Portrait of a Steward of the Soil

image of a farmer silhouette

Editor’s introduction: Frank Acker, Little River Conservation District manager, passing through Stillwater recently, stopped by the Payne County Conservation District office to wish Doris Anderson good luck on her pending retirement after 30 years as district secretary. At the office he and Darrel Dominick, OCC tribal liaison and NRCS retiree visited for a while. Darrel commented that his father Max remembered working with Frank’s grandfather, a well-respected farmer in Sequoyah County when Max worked for the U.S. Soil Conservation Service in that county. Here are Frank’s words to me:

“I got to thinking, on the way home, about my Granddad, then remembered his eulogy, which was given by Dick Mayo, editor of the Sequoyah County Times. I have kept it for many years because it described my Grandpa to a “T.” Grandpa was a conservationist before it became a proper term in everyday language. I don’t think there was ever a person I respected more than Grandpa.”

Frank shared this with me because he knows I love a good story. I enjoyed it and I am sharing it with you because I think you will enjoy it. As you read it, see if it reminds you of anyone you have known who set an example that inspired you as a conservationist — I think it will. I believe it was people like Mr. Acker and others you and I have known or have known of who founded the conservation efforts that we depend on and work to carry on today. — Mark Harrison, editor.

Pervin Acker

Obviously, I am not a contemporary of Pervin Acker, him having about 28 years head start. Nor am I a farmer-stockman. And, as I look over the friends of Pervin gathered today, I see that most of you aren’t either.

Many here have known Pervin longer and closer than some others of us. Yet we find common ground in that we are here to honor this man and to commemorate his life among us. To each of us, Pervin’s life means something different, something special. Yet so much the same. Always honorable, always upright, always forthright. Those were Pervin’s ways, and you could count on it.

Husband, father, grandfather, great-grandfather, farmer, member of Sequoyah County’s community of man, Pervin wore many hats. And he wore them all exceedingly well. He was an honorable man among men.

Through lean years, years of drought and years of too much rain, Pervin regularly harvested crops far more bountiful than those who hadn’t his experience, his love of the land, his knowledge. Pervin could make a crop when no one else could. Sequoyah County has lost its very best farmer in the death of Pervin.

Wheeler Mayo, my dad, was an excellent judge of men — and of their capabilities. In the 196Os, dad raised soybeans on upland patches here and there around the county. He had two farm hands. Lots of mornings they would ask dad what he wanted done that day and how they should do it.

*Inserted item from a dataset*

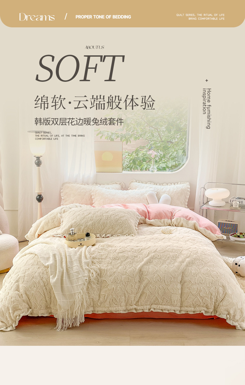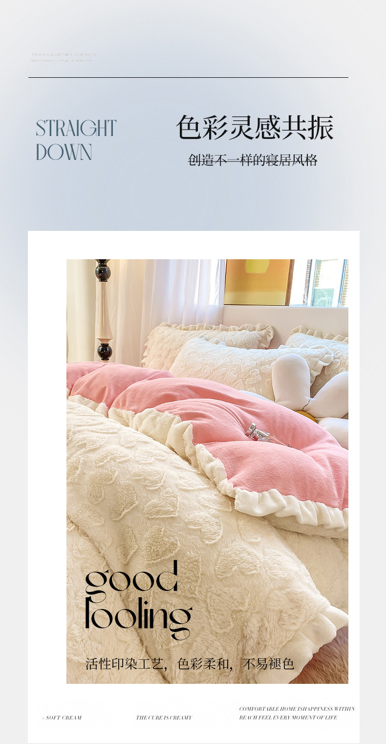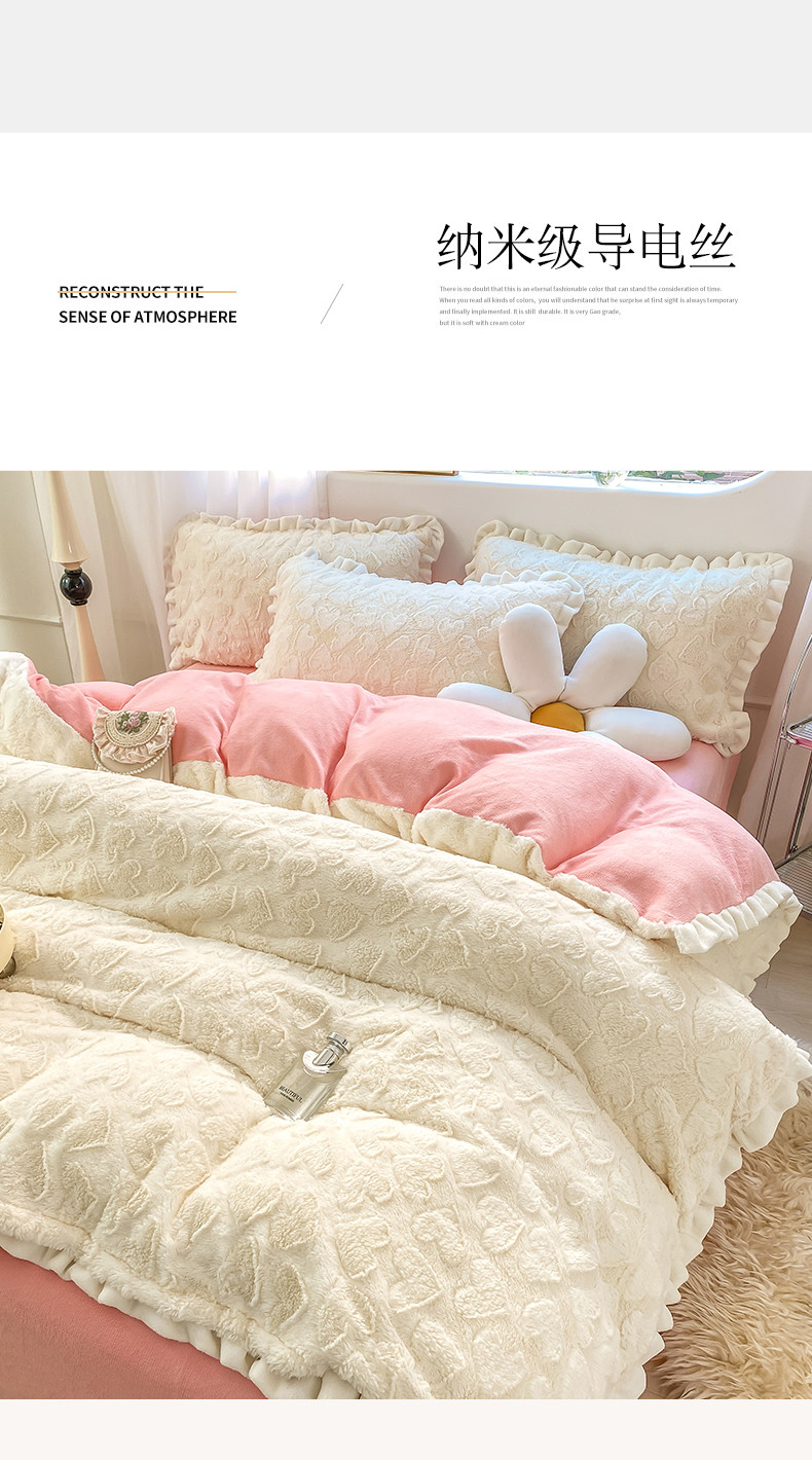 总大米家居2024款爱心兔兔绒双层牛奶绒花边雕花绒兔毛四件套多巴胺色系,多巴胺-绿,多巴胺-白,多巴胺-粉,多巴胺-黄,多巴胺-蓝

If it was an important task, he would put his decision off until noon or after. “I’ll have to think about it,” he would tell them.

One day, I asked my mother why he did that. “It gives him time to go find Pervin Acker and ask him what to do!”

Shortly after dad’s death, Pervin and I shook hands on the sale of some land of dad’s.
Shook hands – nothing more. I told him it would be “some time” before I could complete
the sale and give him a deed. Three years later, I was ready and here came Pervin with the
check. Right down to the penny. On a hand-shake. You don’t see much business done like that any more!

Knowing how Pervin liked his farmland neat and trim, I kidded him about there being
no extra charge for the grown-up fence lines. Pervin clamped his jaw flat, looked me in the eye and told me to “stick around I’ll show you how the preacher and the bear had at it”

I have no idea when, where or by whom the term “Steward of the Soil” got started. But I do believe the originator had Pervin Acker in mind. Pervin took his stewardship seriously.
He dutifully followed farming practices that nurtured the land. Sometimes, I thought it was incidental to Pervin that he brought in excellent harvests. It was the LAND that concerned Pervin. He was living proof that the land takes care of those who care for it.

So long, Pervin – friend of mankind, sower of seeds, harvester of grain – and above all, STEWARD OF THE SOIL… We return you to the arms of Mother Earth.